[[ Information provided, beginning ]]

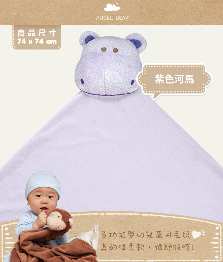 ANGEL DEAR 安撫毛毯 (紫色河馬)
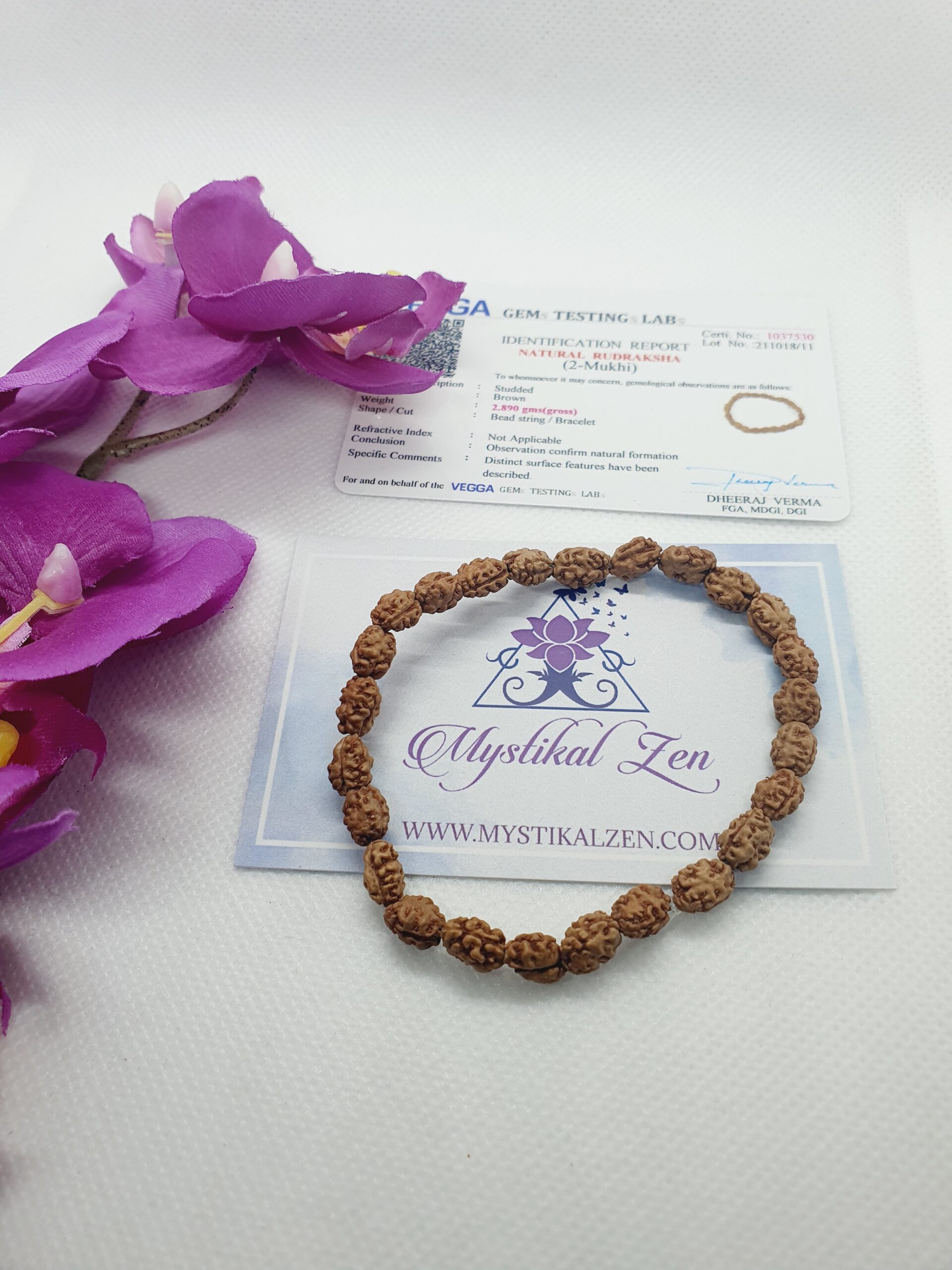 This listing is for one Beautiful 2 Mukhi Natural Rudraksha elastic beaded bracelet.
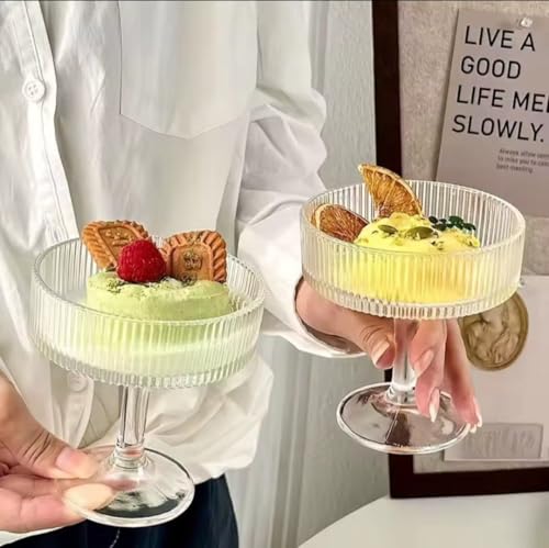 - الأبعاد: تتميز كل بولة بحجم عملي مناسب لأطباق الحلوى الفردية، مع ساق مرتفع لتقديم أنيق.
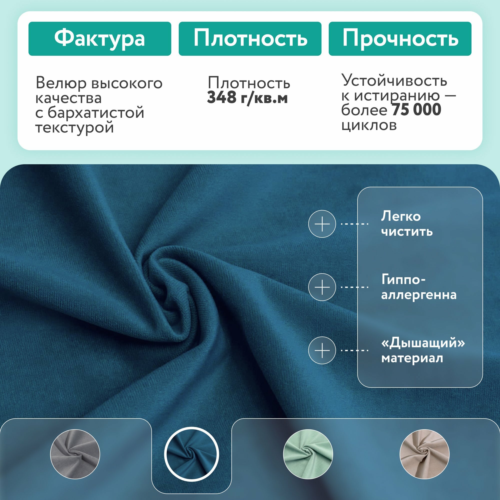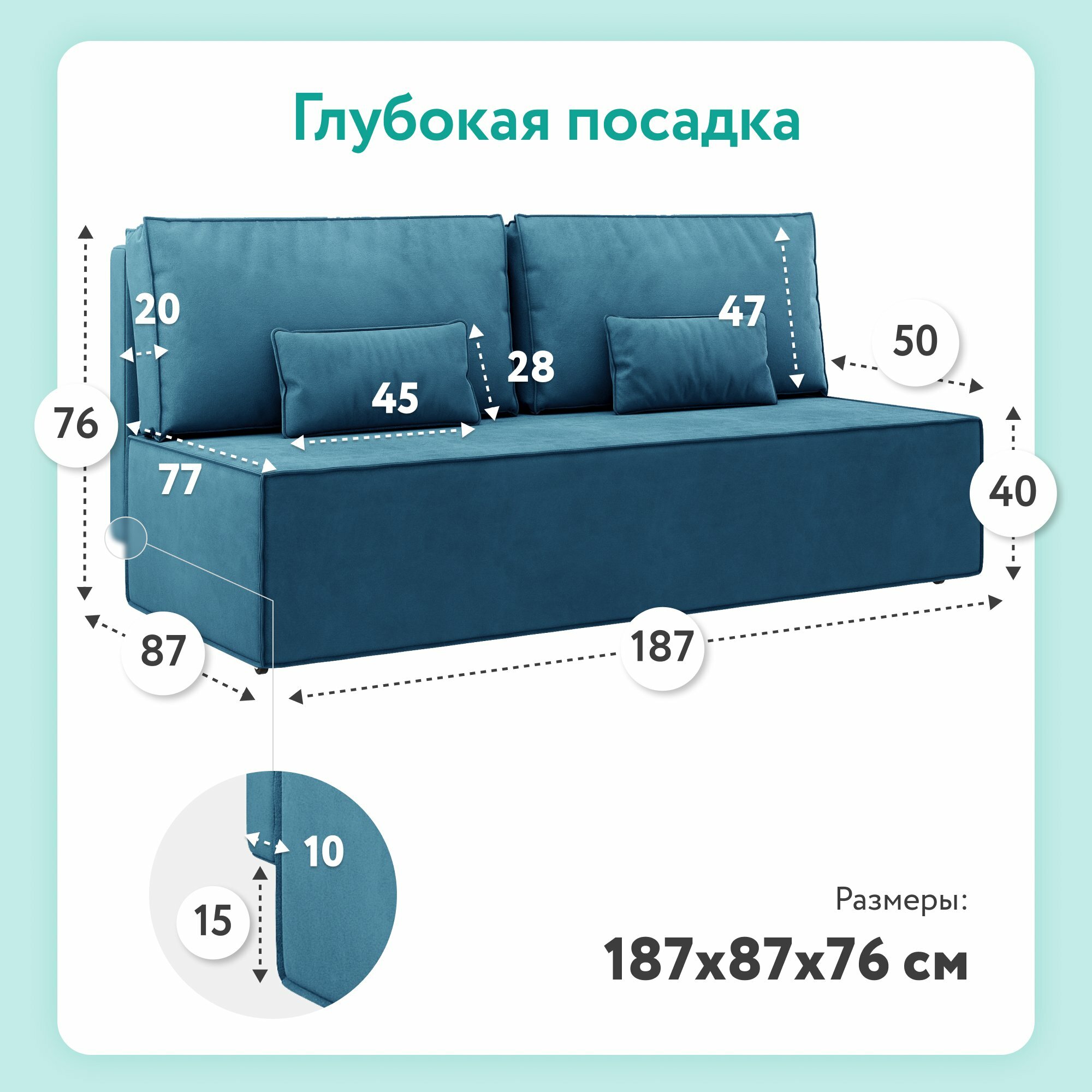 Диван-кровать раскладной прямой Корсо Лайт, еврокнижка, велюр, синий, 187х87х76

[[ Information provided, end ]]

Reproduce exactly, and only, the lines that begin at the one containing "This listing is" and end with the final line of the data, both included, while omitting every picture.

* Response:
 This listing is for one Beautiful 2 Mukhi Natural Rudraksha elastic beaded bracelet.
 - الأبعاد: تتميز كل بولة بحجم عملي مناسب لأطباق الحلوى الفردية، مع ساق مرتفع لتقديم أنيق.
 Диван-кровать раскладной прямой Корсо Лайт, еврокнижка, велюр, синий, 187х87х76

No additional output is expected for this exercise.